Slashdot Mirror


Ada Lovelace and Her Legacy

nightcats writes: Nature has an extensive piece on the legacy of the "enchantress of abstraction," the extraordinary Victorian-era computer pioneer Ada Lovelace, daughter of the poet Lord Byron. Her monograph on the Babbage machine was described by Babbage himself as a creation of "that Enchantress who has thrown her magical spell around the most abstract of Sciences and has grasped it with a force that few masculine intellects (in our own country at least) could have exerted over it." Ada's remarkable merging of intellect and intuition — her capacity to analyze and capture the conceptual and functional foundations of the Babbage machine — is summarized with a historical context which reveals the precocious modernity of her scientific mind. "By 1841 Lovelace was developing a concept of 'Poetical Science', in which scientific logic would be driven by imagination, 'the Discovering faculty, pre-eminently. It is that which penetrates into the unseen worlds around us, the worlds of science.' She saw mathematics metaphysically, as 'the language of the unseen relations between things;' but added that to apply it, 'we must be able to fully appreciate, to feel, to seize, the unseen, the unconscious.' She also saw that Babbage's mathematics needed more imaginative presentation."

4 of 139 comments (clear)

  1. Lord Byron by whoever57 · · Score: 2, Interesting

    When Lord Byron was attending Trinity college at Cambridge, he kept a bear. He was hauled in to be told to get rid of the bear, because domestic animals were prohibited by college rules from college rooms. His response: the bear is not a domestic animal. He got to keep the bear!

    --
    The real "Libtards" are the Libertarians!
  2. Re:hurrrudururrururur by dryeo · · Score: 4, Interesting

    In that era, upper class women often dappled in (higher) mathematics, with womans magazines often having mathematical puzzles.

    --
    https://en.wikipedia.org/wiki/Inverted_totalitarianism
  3. Re:hurrrudururrururur by Anonymous Coward · · Score: 2, Interesting

    One day, hopefully, you'll get to see why this position is a little simplistic. Yes, criticise anyone for any reason; sounds fair. But sexism is quite prevalent and one side is starting with a disadvantage.

    Here's another example from a slightly later period - https://en.wikipedia.org/wiki/Emmy_Noether. If you're completely - completely - happy that we're all now on a level playing field criticise away.

    Otherwise, let's take gender out of it and try to get over the general geek thing of I'm-some-hot-shot-IT-geek-and-no-one-else-knows-anything nonsense. Try finding the positive rather than criticise. The "yeah, but..." thing is tiresome.

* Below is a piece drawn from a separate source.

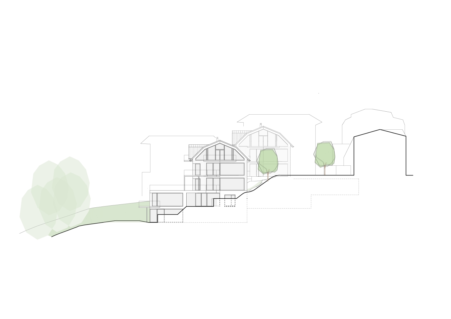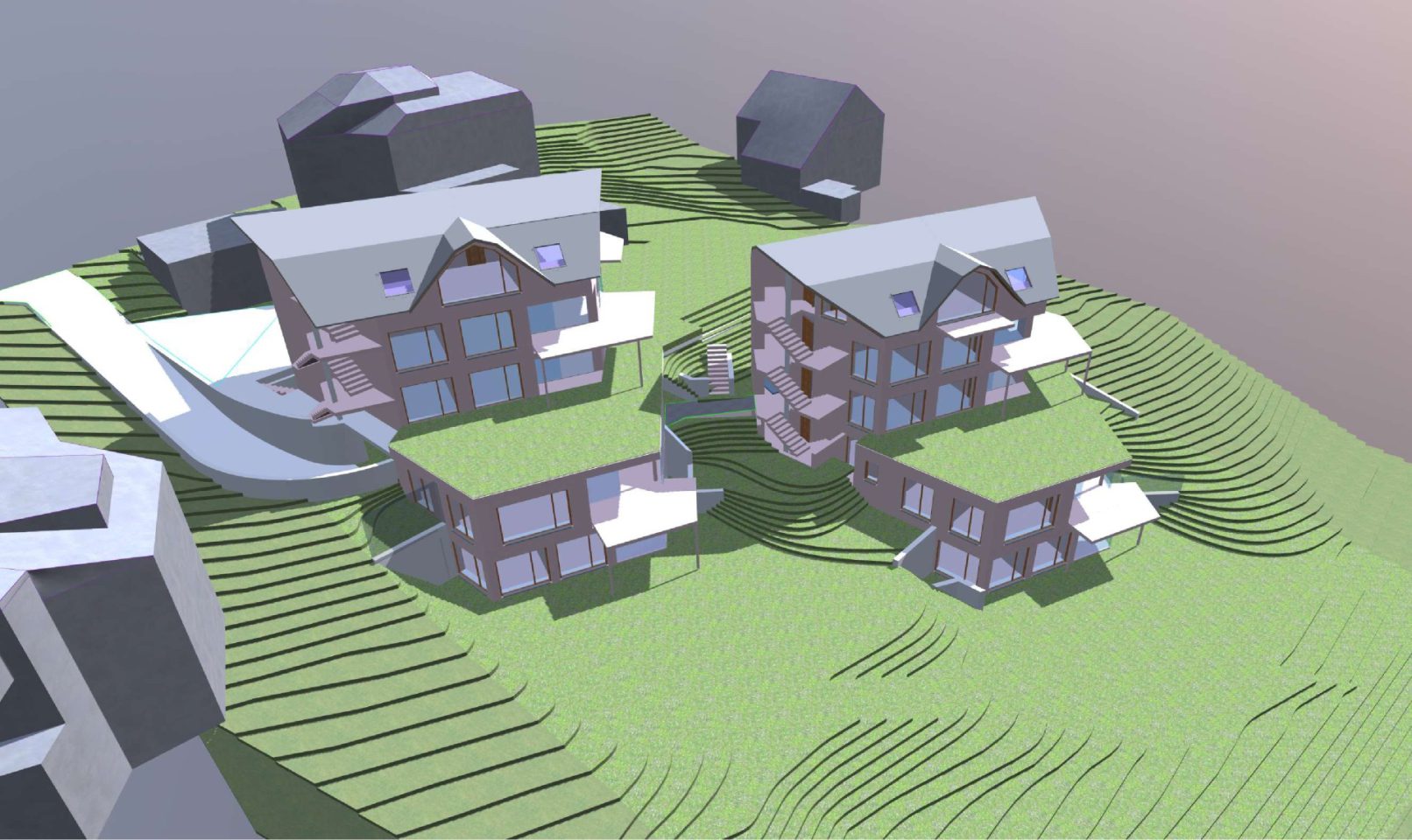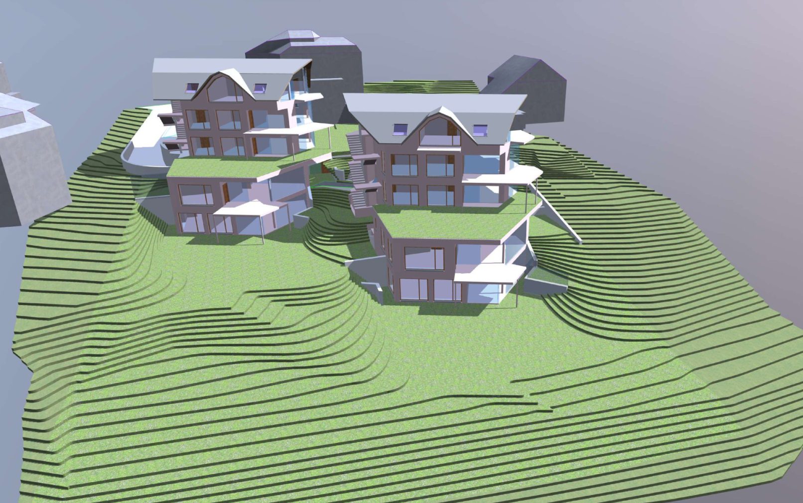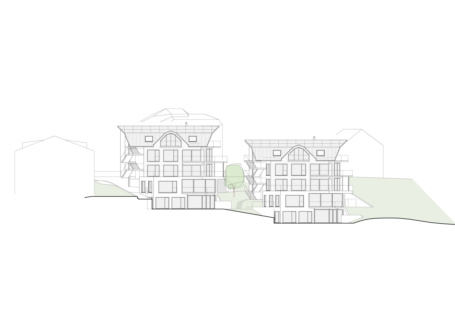 - Die neuen Gebäude sind entlang der bestehenden Höhenkurven angeordnet. Diese verlaufen tendenziell schräg zur rechteckigen Grundstücksform. Somit sind die Gebäude stark in die natürliche Topografie eingebunden. Talseitig wird der Bereich vor den Wohnungen ausgeebnet. Ansonsten werden die Terrainveränderungen und die Stützmauern auf ein Minimum beschränkt. Auf Hecken und Zäune wird gänzlich verzichtet.

  4. Re:I am sure the women in the crowd will like this by phantomfive · · Score: 3, Interesting
    The article is not flattering. When the article says, "She also saw that Babbage's mathematics needed more imaginative presentation," it's not being complimentary. It is a compensatory way to suggest that she really didn't know how to program the machine. The wording of the article is very careful, for example, here is how it describes that she didn't know how to program:

    Lovelace is sometimes loosely described as the first computer programmer. She did produce an elegant set of tables showing how the engine could calculate Bernoulli numbers, but based on equations supplied by Babbage. Lovelace's originality lay in her conceptual definitions of the engine's mathematical functions, and her brilliant speculations on its design possibilities, going far beyond anything Babbage himself articulated. She wrote: “We may say most aptly that the Analytical Engine weaves algebraic patterns just as the Jacquard-loom weaves flowers and leaves.”

    Overall, the article is somewhat insulting, implying that "the only contribution a woman can make is to bring her imaginative, creative views to the table when she copies men. Put her in marketing." The article doesn't quite say that, but it is the natural conclusion from what the article says.

    --
    "First they came for the slanderers and i said nothing."